2. The apparatus described in claim 1 wherein: said containment structures includes a plurality of containment structures located on said tanker and said blower blows air at at least one of said containment structures on said tanker.

3. The apparatus described in claim 2 wherein: said containment structure includes an elongated pipe on said tanker and a pump that pump said cold liquefied gas through said pipe, said blower being positioned to blow environmental air across said pipe.

4. The apparatus described in claim 1 wherein: said containment structures includes a plurality of containment structures located on said tanker; said blower is located on said offloading facility, and said blower is positioned to direct air at at least one containment structure that is located on said tanker.

5. The apparatus described in claim 1 wherein: said offloading facility includes a floating barge that carries at least one of said containment structures, and said blower is mounted on said barge and is positioned to direct blown air at said containment structure on said barge.

6. The apparatus described in claim 1 wherein: said containment structures includes an elongated pipe through which said cold hydrocarbon gas flows, and said blower is directed at said pipe.

7. The apparatus described in claim 6 wherein: cold hydrocarbon gas in said pipe is in a liquid form, and said pipe is inclined a plurality of degrees from the horizontal in quiescent seas, whereby to control the position of liquid hydrocarbon in large sea waves.
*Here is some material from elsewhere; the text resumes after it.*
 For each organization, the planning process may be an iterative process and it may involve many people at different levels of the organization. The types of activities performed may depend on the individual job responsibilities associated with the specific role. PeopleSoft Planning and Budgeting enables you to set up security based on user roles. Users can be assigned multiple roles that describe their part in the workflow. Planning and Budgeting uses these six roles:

8. The apparatus described in claim 1 wherein: said tanker and said offloading facility are each at least 0.2 meter from shore, to thereby dissipate said cold air and avoid harmful effects to persons on shore.

9. A method for heating cold hydrocarbon gas that has been transported in a tanker as cold liquefied gas and that passes from and through containment structures as the gas is offloaded from the tanker to an offloading facility and flowed from said offloading facility to a storage facility, comprising: blowing air using at least one energized blower having a through-put of air of a plurality of millions of standard cubic feet a day, at said containment structures to heat the hydrocarbon gas in the containment structures while the blown air becomes colder.
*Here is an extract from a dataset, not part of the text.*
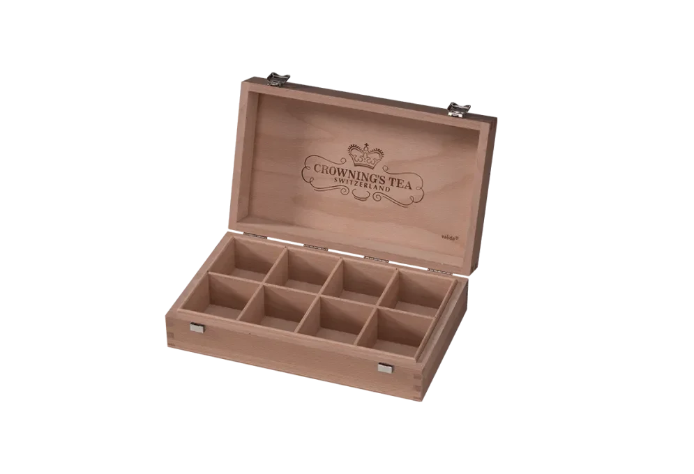 Ansprechende Teebox aus Buche massiv, lackiert und mit Klappdeckel. Dieser Dispenser wurde individuell für unseren Kunden mit einem Siebdruck versehen.

10. The method described in claim 9 wherein: said containment structures includes an elongated pipe; and including pumping said cold liquefied gas through said pipe and directing said blower at said pipe.

11. The method described in claim 9 wherein: at least one of said containment structures is located on said tanker, and said step of blowing includes blowing air from a blower on said offloading facility against said containment structure on said tanker.

12. The method described in claim 9 wherein: at least one of said containment structures is located on said offloading facility, and said step of blowing includes blowing air from a blower on said offloading facility against said containment structure on said offloading facility.

13. The method described in claim 12 wherein: said offloading facility is at least 0.2 kilometer from shore, to thereby enable dissipation of said cold blown air.

14. The method described in claim 9 including: applying droplets of a fluid onto said containment structure, to thereby increase heat transfer between the containment structure and blown air.